Boyhood has attained a perfect score of 100 on Metacritic, the website which aggregates reviews of film, television, music and games from leading critics.
The film, released last month, has certainly attracted its share of five-star reviews. Linklater, the Before Sunrise director, began the project in 2002 when his unknown lead actor Ellar Coltrane, who plays Mason Jr, was seven years old. He kept on shooting at regular intervals until late 2013.
The film charts Mason’s journey into adolescence as the boy literally grows up on screen before the audience’s eyes. Since Coltrane also turned out to be an engaging actor, the film, which runs for two hours and 45 minutes, has been hailed as a landmark by critics.

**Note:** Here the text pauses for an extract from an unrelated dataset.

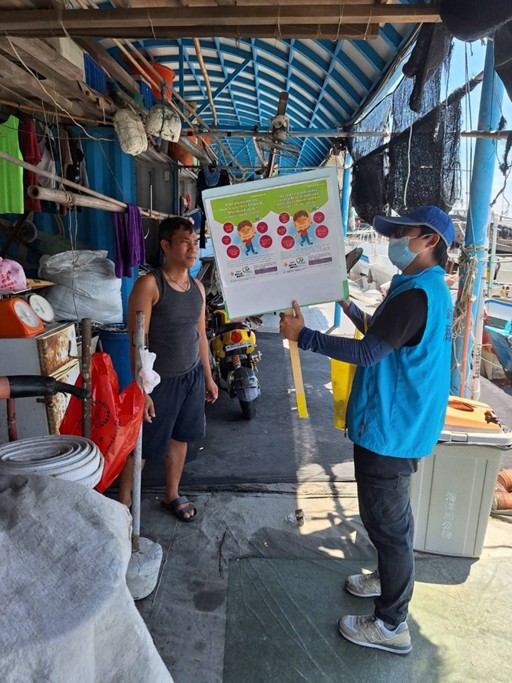 此外,颱風豪雨過後的積水環境也容易成為病媒蚊孳生溫床,增加登革熱傳播風險。為防範登革熱疫情的發生及擴散,海洋局持續向外籍漁船員進行衛教宣導,內容涵蓋辨識登革熱症狀、避免積水容器孳生病媒蚊、船艙清潔注意事項等,並發放英文、印尼文、菲律賓文等多語版防疫資料,協助外籍船員克服語言障礙,充分理解防疫重點。

Geoffrey Macnab, who awarded it five stars in The Independent, said the film, which stars Patricia Arquette and Ethan Hawke as the boy’s struggling parents, possessed an authenticity beyond other coming of age movies.
He wrote: “This is a film with a huge emotional charge. We are aware throughout that time is passing and that Mason’s childhood won't last forever. That's one reason why the film seems so affecting and so truthful in spite of its slow-burning, episodic storytelling.”
Acclaim has been almost universal. Boyhood, made on a $4m budget, has a 99 per cent approval rating on the film review website Rotten Tomatoes – fans were outraged when a bad review spoilt its perfect grade - and an 8.9 rating on the Internet Movie Database, based on user popularity.
The validity of Metacritic’s perfect score is questionable. Boyhood joins 10 other films with a 100 rating but the database doesn’t extend to more historical films such as Citizen Kane or Vertigo.
The Metacritic algorithm fails to detect nuance in a critique and assigned positive scores to reviews of Boyhood which actually focused on perceived flaws in its narrative, pacing and characterisation.
Kenneth Turan, the Los Angeles Times reviewer, felt compelled to explain why he stepped outside the critical consenus to express reservations about Boyhood. “We live in a culture of hyperbole. If you do it right, film criticism is a lonely job,” he wrote. “But some films make it lonelier than others. Films like Boyhood.”
Nobody is getting rich off Boyhood yet, if it is one of the greatest films of all time. It has taken around $15m at the box office and Josh Sapan, the head of AMC Networks, which owns the film’s distributor, said: “We’re not going to pop the champagne bottle on the economic side because of it.”
Boyhood has already made its mark on popular culture. A parody version, Cathood, which condenses 12 years into 12 weeks in the life of a kitten, has taken the internet by storm.